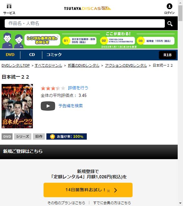 ツタヤディスカスは、準新作・話題作・旧作が4枚までなら、無料お試し期間中にレンタルができるので、「日本統一22」の映画を無料で視聴した後も14日間以内なら他のシリーズ作品や見たかった映画も無料でレンタルすることができますよ。
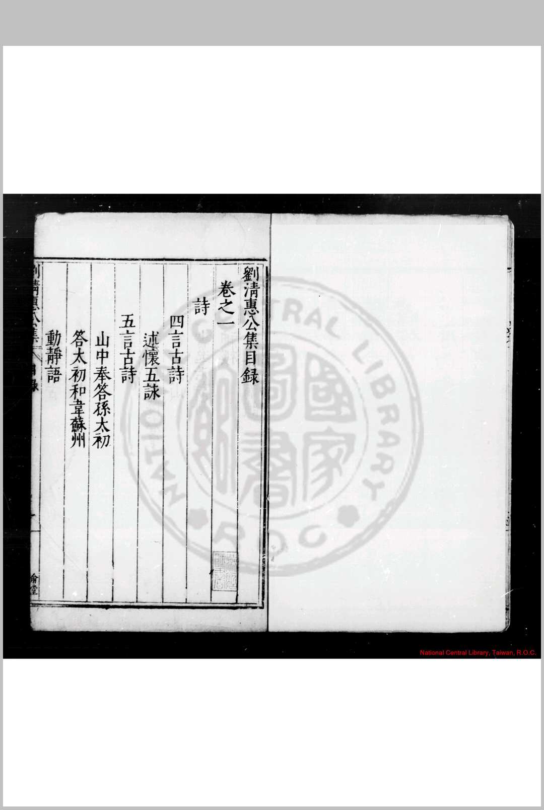 刘清惠公集 (明)刘麟撰 明万历丙午(三十四年, 1606)湖州知府陈幼学刊本
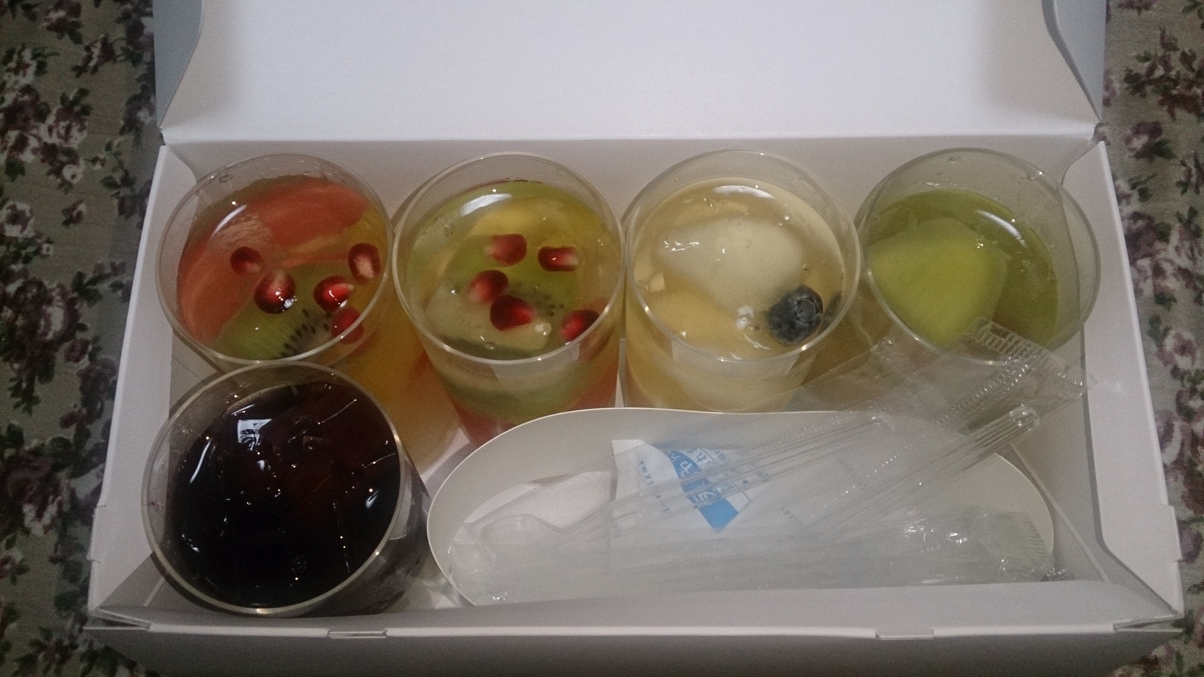 頂いたゼリー、ほとんどがどれも、違うお味だったのですが、どのゼリーも、フルーツがたくさん入っていて、とても美味しかったです。
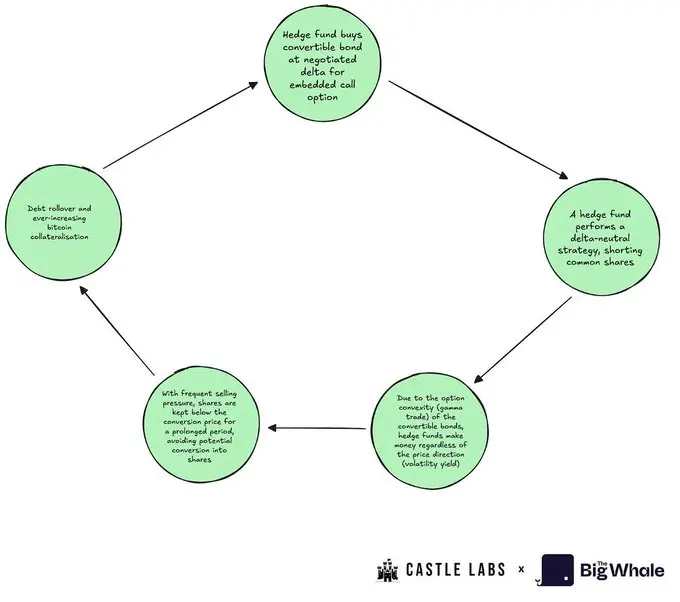 为了避免持续稀释,MSTR 与其他公司选择通过发行可转换债券进行融资。可转债通常由对冲基金购买,这些基金采用「Delta 中性策略」,因为可转债中嵌入了 OTM(价外)期权。基金会建立空头头寸,形成持续的卖压。
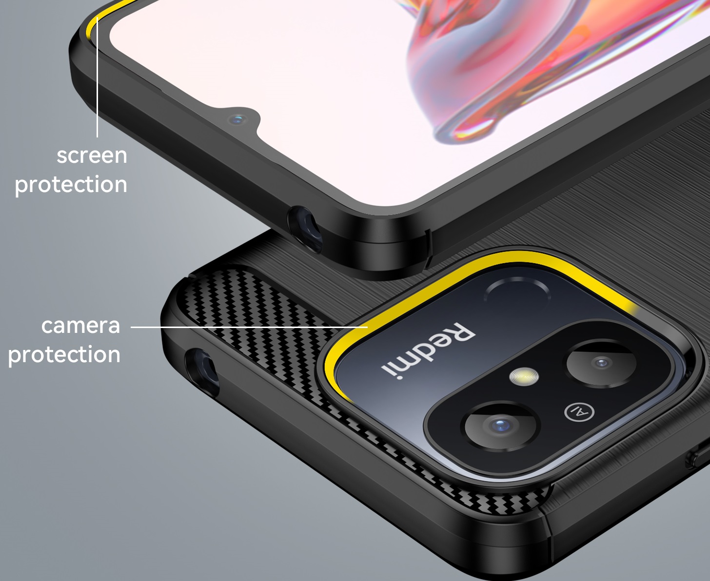 Чехол защитный чехол черного цвета на телефон Xiaomi Redmi 12C от Caseport, серия Carbon

◆ Problem description:
Your answer must be an exact copy of the entries above, with no pictures in it.

◆ Expected answer:
 ツタヤディスカスは、準新作・話題作・旧作が4枚までなら、無料お試し期間中にレンタルができるので、「日本統一22」の映画を無料で視聴した後も14日間以内なら他のシリーズ作品や見たかった映画も無料でレンタルすることができますよ。
 刘清惠公集 (明)刘麟撰 明万历丙午(三十四年, 1606)湖州知府陈幼学刊本
 頂いたゼリー、ほとんどがどれも、違うお味だったのですが、どのゼリーも、フルーツがたくさん入っていて、とても美味しかったです。
 为了避免持续稀释,MSTR 与其他公司选择通过发行可转换债券进行融资。可转债通常由对冲基金购买,这些基金采用「Delta 中性策略」,因为可转债中嵌入了 OTM(价外)期权。基金会建立空头头寸,形成持续的卖压。
 Чехол защитный чехол черного цвета на телефон Xiaomi Redmi 12C от Caseport, серия Carbon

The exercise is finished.